I'm also interested to know more about your setup. From the comments in your code modifications, it sounds like you are running on your own hardware where the HyperRAM is on FlexSPI2. Is this correct? Where is your code stored the code location and cache settings for that area can also affect the read bandwidth that you get, so knowing your setup for that might be helpful.

Regards,

Melissa

g_volokh · ‎04-20-2020

Dear Melissa,

Thanks a lot for your answer.

I really see that FlexSPI controller is optimized for reading, but not

for writing.

But I believe writing is important too and practically everything is

done, we need to do only all settings correctly.

As I have already written, the main goal for us is

1. to increase the writing speed as many as possible (now we have around

90MB/s using AHB bus).

2. use DMA to leave MCU for another tasks.

When we are using AHB bus for writing I see by oscilloscope that data

transaction size is only 8 bytes.

The AHB buffer is 64 bytes.

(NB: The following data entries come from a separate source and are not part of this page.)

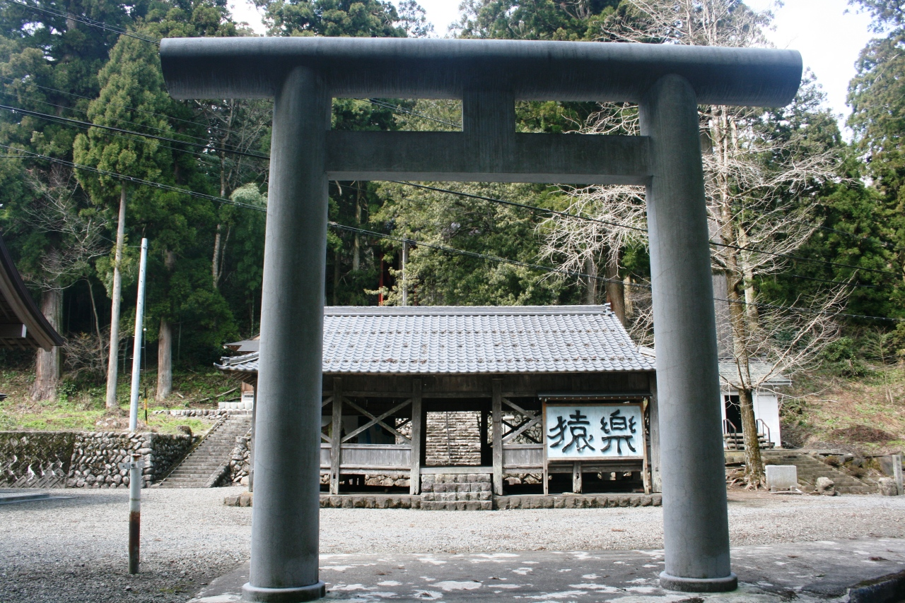 Shinto_shrine_Hakusan_in_Nougou
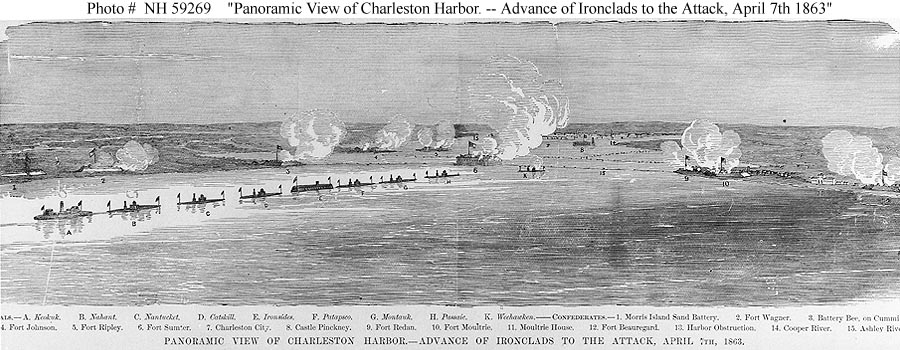 First Battle of Charleston Harbor. "Panoramic View of Charleston Harbor. -- Advance of Ironclads to the Attack, April 7th, 1863" Line engraving published in "The Soldier in our Civil War", Volume II, page 172, with a key to individual ships and land features shown. U.S. Navy ships present are (from left to center): Keokuk, Nahant, Nantucket, Catskill, New Ironsides, Patapsco, Montauk, Passaic and Weehawken. U.S. Naval Historical Center Photograph. Photo #: NH 59269. Online Image: 107KB; 900 x 350 pixels.
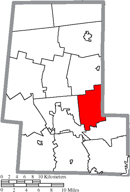 Map of the municipal and township boundaries of Union County, Ohio, United States, as of the 2000 census, with the location of Dover Township highlighted. Township borders are shown only in unincorporated areas in order to differentiate incorporated and unincorporated areas more clearly.
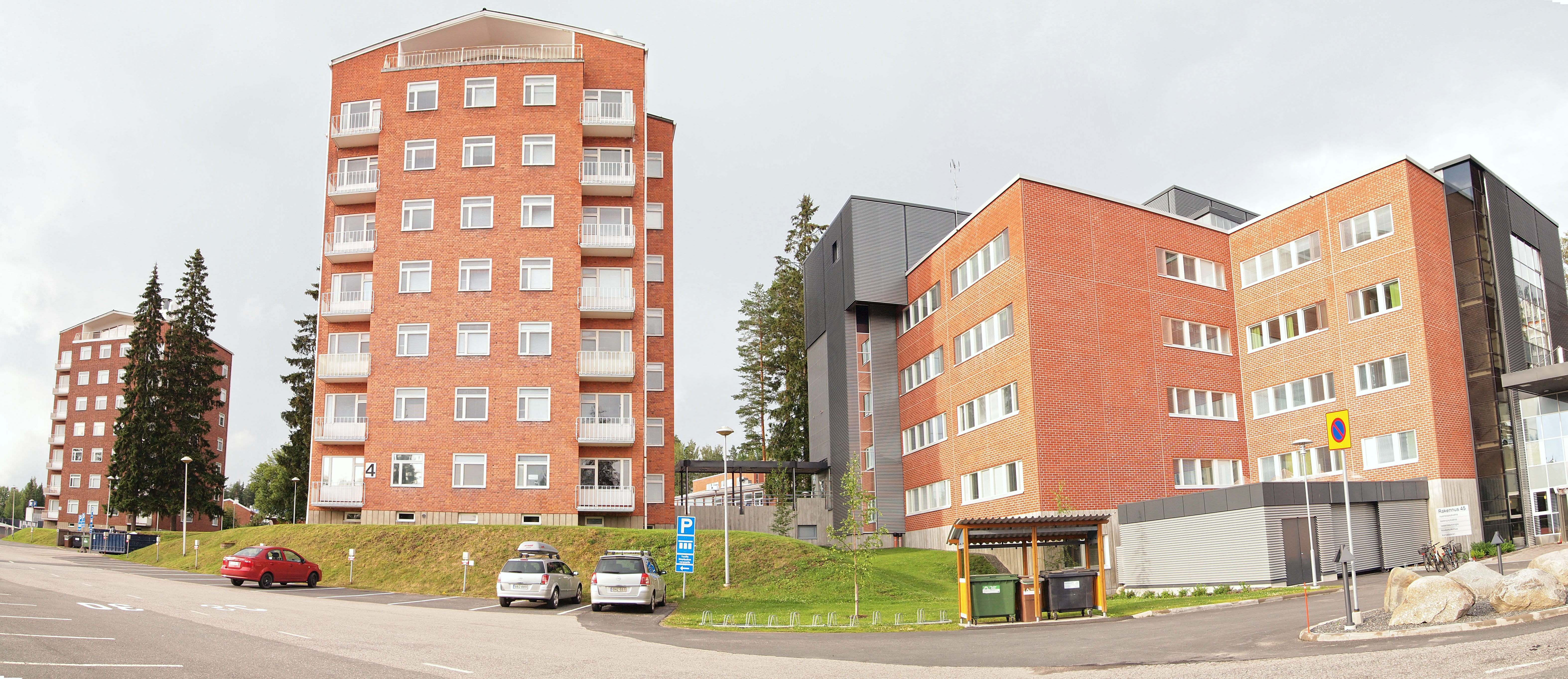 Buildings on the area of Central Finland Central Hospital.

Can we use the all 64 bytes' buffer for one

transaction?

If yes, I think it can increase the speed a lot. How can we do that?

So far we could not increase writing speed trough AHB bus and decided to

do that using IP commands and writing to IP FIFO through AHB bus.

It's the code from the fsl_flexspi.c -> status_t

FLEXSPI_WriteBlocking(FLEXSPI_Type *base, uint32_t *buffer, size_t size)

This code is working:

melissa_hunter · ‎04-20-2020

Hi George,

When you use the AHB bus for writes transactions, the size of the internal bus requests determines how many bytes are written. We have a 64-bit bus interface to the FlexSPI controller, so that is why you are seeing 8 bytes/64-bits on a normal write from the core. The core typically does not request burst cycles, so it does the accesses as singles of the bus width.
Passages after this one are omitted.